Instructions to follow:
Leaving out the pictures, output the lines from the one that contains "sur un injecteur" through the end of the material, exactly as they stand.

Data provided:

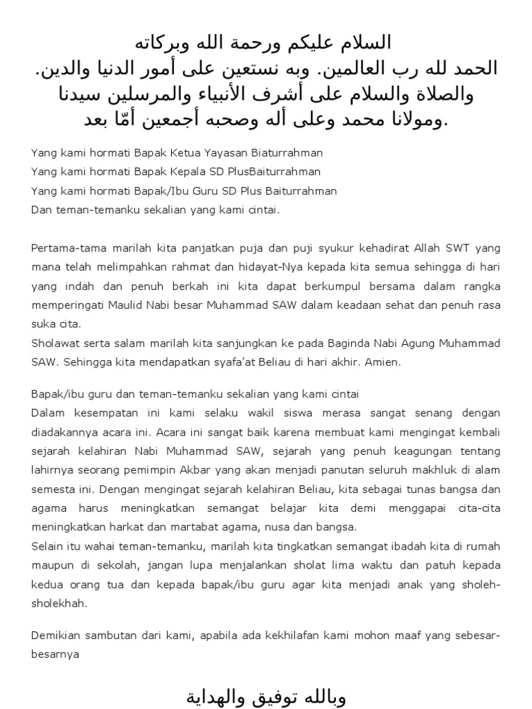 Teks Sambutan Ketua Panitia Maulid Nabi Berbagai Teks Penting
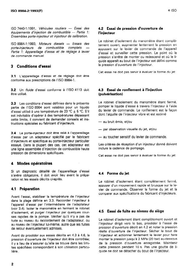 sur un injecteur donne, ainsi que les limites accep- ISO 4113:1988, V6hicules routiers - Fluide d’essai
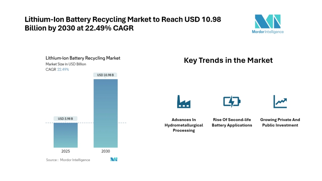 Lithium-ion Battery Recycling Market is projected to grow from USD 3.98 billion in 2025 to USD 10.98 billion by 2030, registering a 22.49% CAGR during the forecast period (2025–2030).
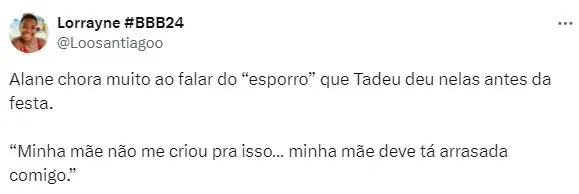 As sisters tentaram consolar a aliada, porém ela relembra novamente o momento em que o apresentador chamou sua atenção. “Ela pode até dizer, quando eu sair, que não foi nada, mas eu tenho certeza de que ela deve estar no auge da decepção”, afirma.

Solution for this task:
 sur un injecteur donne, ainsi que les limites accep- ISO 4113:1988, V6hicules routiers - Fluide d’essai
 Lithium-ion Battery Recycling Market is projected to grow from USD 3.98 billion in 2025 to USD 10.98 billion by 2030, registering a 22.49% CAGR during the forecast period (2025–2030).
 As sisters tentaram consolar a aliada, porém ela relembra novamente o momento em que o apresentador chamou sua atenção. “Ela pode até dizer, quando eu sair, que não foi nada, mas eu tenho certeza de que ela deve estar no auge da decepção”, afirma.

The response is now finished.